Email Security

    The Value of an Identity Management Platform 

    As companies migrate to the cloud, compromised credentials are a growing concern. An identity management platform can help protect against identity-based attacks. 

    by Mercedes Cardona

    Key Points

    • The growth in cloud computing and remote work has made firewalls less effective, so defenders are shifting to protecting user identities instead. 
    • A zero-trust approach that authenticates users as they travel the network is the basis of a stronger defense, but it requires managing identities and access across multiple systems.
    • A unified identity management platform can offer a streamlined approach, greater visibility to network activity, and integration with a secure email gateway.

    Cybersecurity is experiencing an identity crisis. As more organizations migrate to the cloud and adopt remote workflows and tools, they are increasingly vulnerable to credential theft by hackers, who are using compromised identities to break into networks. 
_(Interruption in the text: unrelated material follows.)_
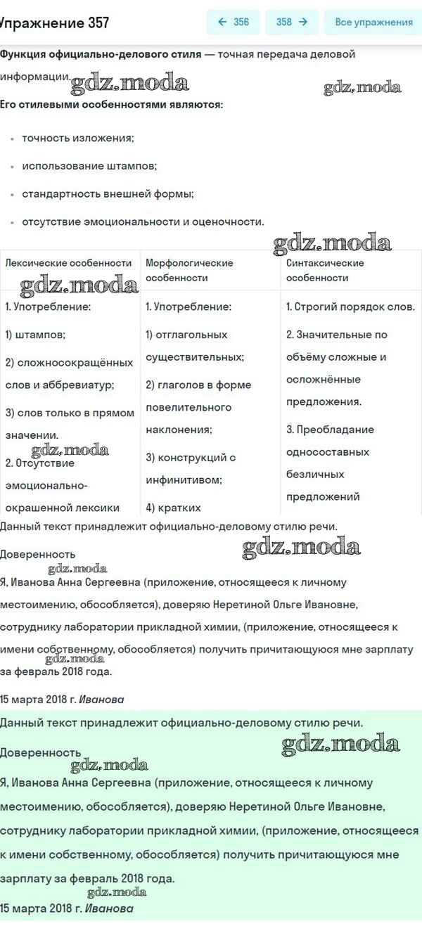 ОТВЕТ на задание № 357 Учебник по Русскому языку 8 класс Разумовская Вертикаль

    Credentials are at the root of half of the attacks observed by Verizon’s 2022 Data Breach Investigation Report (DBIR) and are the main source of web-based attacks. And the trend has been accelerating; the use of stolen credentials has grown about 30% in the last five years, as more companies have migrated resources from on-premises data centers to the cloud.[1] Once malicious users are inside a network, they have free rein, so credential theft is often the tip of the spear for cybercriminals. 

    The increasingly blurred edges between corporate networks and the outside world have rendered traditional perimeter protections such as firewalls less effective against hackers. Preventing credential theft is one defense against these identity-based attacks. Advanced email security tools can block phishing attacks and other tactics bad actors employ to steal credentials and block them from using them to do damage inside a network. But fighting identity-based attacks is a battle on many fronts. 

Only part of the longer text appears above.